I'm considering putting these on my UTV, I've got new 7" wide wheels which will work with the 27X8.50R14LT and they are a lot lighter than the tires I have now, my fronts are 30 lbs and the rear are 36.2 lbs and these are 26.8 lbs.

Does anyone run these on their trucks? Since I drive my UTV quite a bit on city streets these would probably be the last tires I would have to buy for it.

http://www.maxxis.com/catalog/tire-12-bighorn-mt-762


----------



## sublime68charge (Dec 28, 2007)

I would think they would be fine for you!

I have no exp with street tires on UTV but just my $.02 worth


----------



## Mike_ (Aug 23, 2014)

I think they would be a good all terrain tire and having the same size on all 4 would allow me to rotate them. I'm currently running Sedona Rip Saws 26x9x14 front & 26x11x14 rear. They're starting to get low on tread, I think I'll sipe them for this winter and buy these sometime in the spring. 

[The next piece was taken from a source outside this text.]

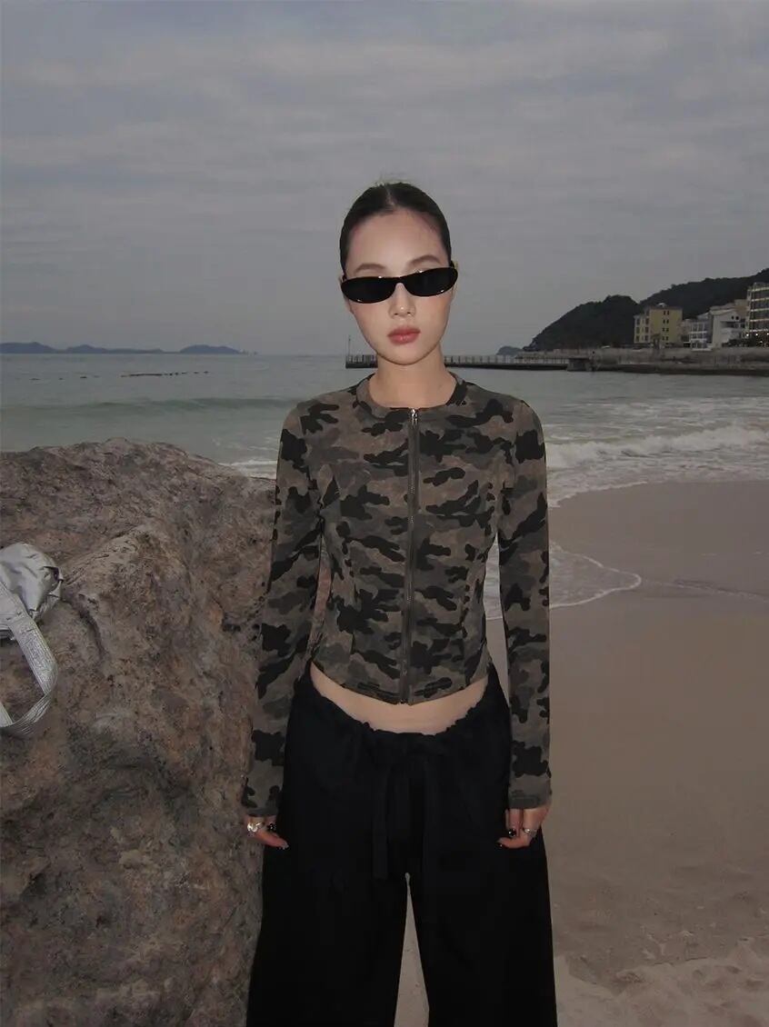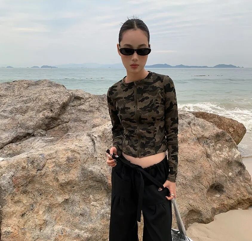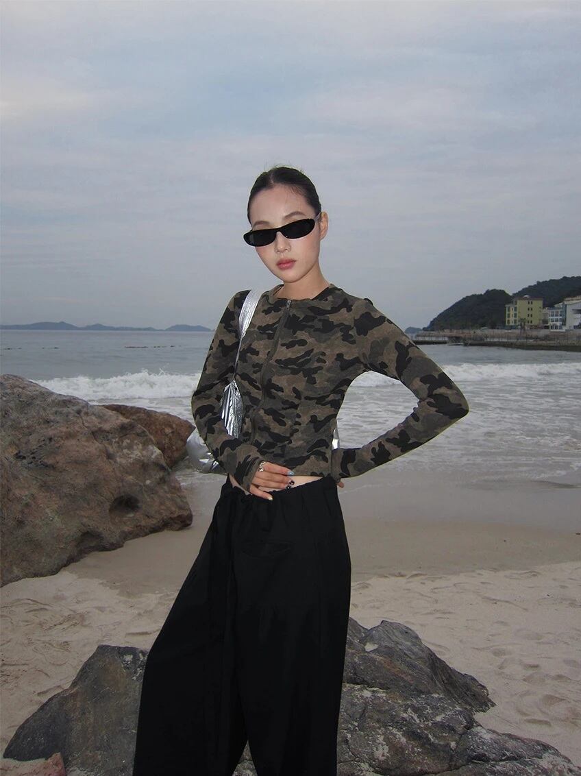迷彩柄 背中あき ロンT トップス 長袖 ジップアップ カーディガン カモフラ 韓国 ストリート Y2K ダンス 衣装 K-POP ギャル レディース 10T-32

I found them on Amazon for $118 shipped and with my Amazon Rewards by then I should be able to get at least 2 tires free.
http://www.amazon.com/dp/B002KVEDMI/ref=wl_it_dp_o_pC_nS_ttl?_encoding=UTF8&colid=1O445L0CT65RG&coliid=I3M5JVOKO2JV02


----------



## BUFF (Dec 24, 2009)

I think the only downfall would be the sidewalls being much stiffer, which would affect the ride and off road performance.


----------



## Hopalong (Dec 5, 2015)

I think it would work great. But IF it were me I would look for a good passenger tire. Just for the fact that it will be lighter and a bit more forgiving on something so light


----------



## Mike_ (Aug 23, 2014)

These tires are a lot lighter than the 6 ply Sedona's I'm running now and they're pretty stiff, when I first got them I could run them flat if I wanted. I'd consider a passenger tire but I still use my side x side for hunting and trail riding so I like to have something a little more aggressive.


----------



## ATVDaddy (May 21, 2015)

you might also want to add GBC on your list of 4wheeler tires. If im not mistaken, i think Maxxis Bighorns are 6ply too. it has horizontal oblique blocks tread design which is good on rock surfaces and sand, however you may have a hard time when it comes to mud and snow.


----------